Crop selection, too, will help reduce costs by extending the production season. Cherry tomatoes will produce for nine months, Hunsberger says.
"I've harvested broccoli for a year, and one collard plant will feed a family."
As the economy has declined, the public's interest in vegetable gardening has shot up.
"I checked our Master Gardener telephone records and a rough guesstimate since Oct. 1 is that vegetable garden calls are up 300 percent," said John Pipoly, director of the Broward County Cooperative Extension Service in Davie. "They've tripled."
At Miami Dade College, where Andres Mejides has taught organic vegetable gardening for 30 years at the Environmental Center, his classes have been full. By contrast, a few years ago "we would occasionally not be able to have class because of lack of interest. For the last 1 1/2 years, there really is no problem filling them, he said.
Desiree Fields, a private chef in South Broward County, grows her own produce, fruit and macadamia nuts. During the last drought, Fields saved rain in barrels. (She has been upgrading that system, so she will have 600 gallons of water in the future.)
Fields also uses rinse water from the dishes for her plants, which now take up most of the yard. To economize, she says, save seeds, use vertical space and share with neighbors.
Some plants, such as arugula, will reseed themselves, she says. Others, such as lettuce, can have longer growing seasons if they are in shade. Fields has found that after about five months, she begins to realize savings after the initial expense of creating a garden.
Kim Arkell, who tends bar in South Beach, and her friend Angela Garrison, a Miami Lakes mother, have started an organic garden in a neighbor's vegetable plot.
"We wanted to do it because we're really tired of inferior produce and we wanted to start eating healthy and organic," Arkell said. "When we started telling friends, they all wanted gardens. So, we're thinking about starting a little business."
Community gardens are increasingly popular, judging from the phone calls to the American Community Gardening Association, says Vicki Garrett, projects coordinator for the nonprofit organization in Columbus, Ohio.
"I get people living in trendy areas of town, and I get people who don't even have a computer who want to learn how to do a community garden," Garrett said. "And I get people who want to do church gardens to donate to food banks and the homeless."
The 2-year-old Overtown Community Garden at Northwest Third Avenue and Ninth Street in Miami is funded with a $100,000 grant from the city's Southeast Overtown/Park West and Omni Community Redevelopment Agencies.
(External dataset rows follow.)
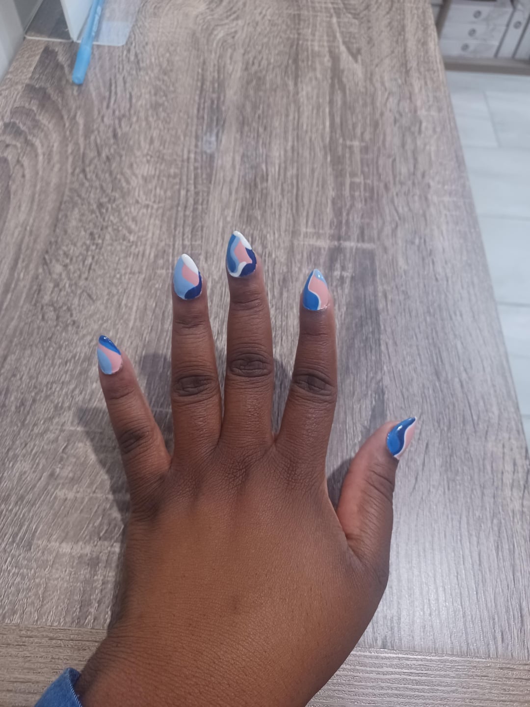 Did something different than the usual coquette-ish nails I usually like. Design reminds me of the ocean, took hours to make up my mind when I was painting them 😓 matching hands was hell
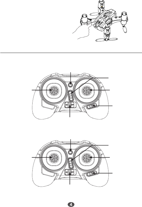 3)Land the quadcopter on the ground with the throttle stick fully down, take
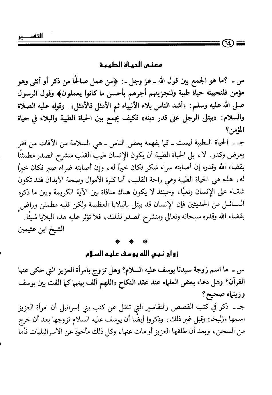 س - ما هو الجمع بين قول الله - عز وجل - {من عمل صالحاً من ذكر أو أنثى وهو مؤمن فلنحيينه حياة طيبة ولنجزينهم أجرهم بأحسن ما كانوا يعملون} وقول الرسول، - صلى الله عليه وسلم -، {أشد الناس بلاء الأنبياء ثم الأمثل فالأمثل} . وقوله عليه الصلاة والسلام {يبتلى الرجل على قدر دينه} فكيف يجمع بين الحياة الطيبة والبلاء في حياة المؤمن؟

Part of it grows on land once occupied by an apartment building and is now overseen by Roots in the City, a nonprofit program started by Marvin Dunn, historian and retired Florida International University professor. Volunteers and paid Overtown residents care for the garden, which takes up most of a city block, Dunn said.
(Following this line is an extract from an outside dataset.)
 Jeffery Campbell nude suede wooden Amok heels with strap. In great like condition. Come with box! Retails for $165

"The first year, we planted a little of everything," Dunn said. "The most popular was collard greens. So, this year, it's all Georgia collard greens with decorative plants around the edge."
FIGURING THE COST
In the late 1970s, when growing veggies was last popular, the University of Florida studied a Homestead vegetable garden, calculating the cost of the garden and the retail value of the produce.
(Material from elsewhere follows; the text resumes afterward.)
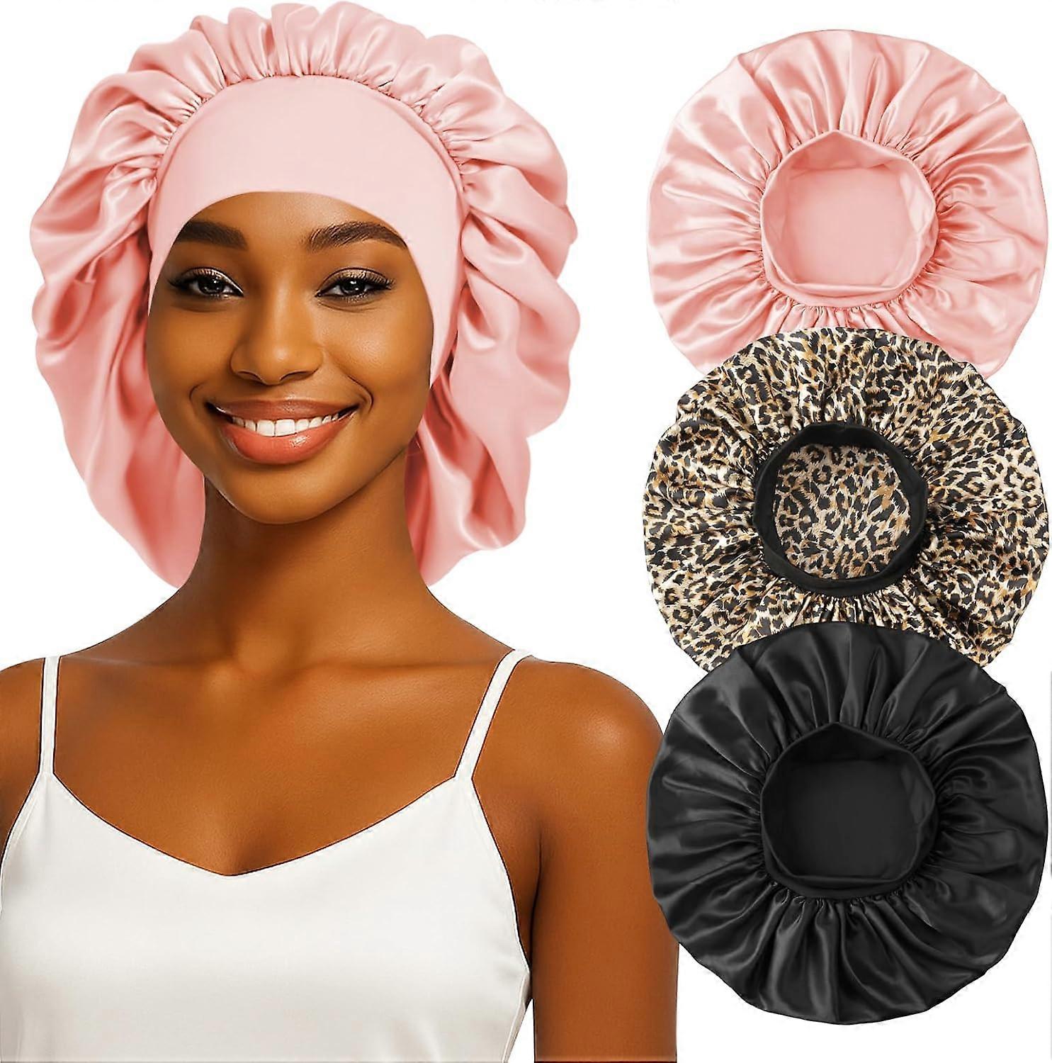 3PCS Silk Sleep Bonnet for Women, Large Satin Hair Caps with Elastic Band for Curly Hair and Frizz Control

More than 800 pounds of produce with a retail value of $495.70 was harvested over the season from a 20-foot by 30-foot raised bed. The cost of materials -- concrete blocks, irrigation lines, pesticides and hardware -- was $339.65.
However, if depreciated over a five-year period, the garden's cost would be reduced to $95.60.
To help cut 2009 costs, Hunsberger, the horticulture agent, suggests going to Rinker Materials, "where you can get damaged blocks for next to nothing. Or use limestone rocks or recycled lumber. You can make it so that you're spending zero dollars, other than for the seed."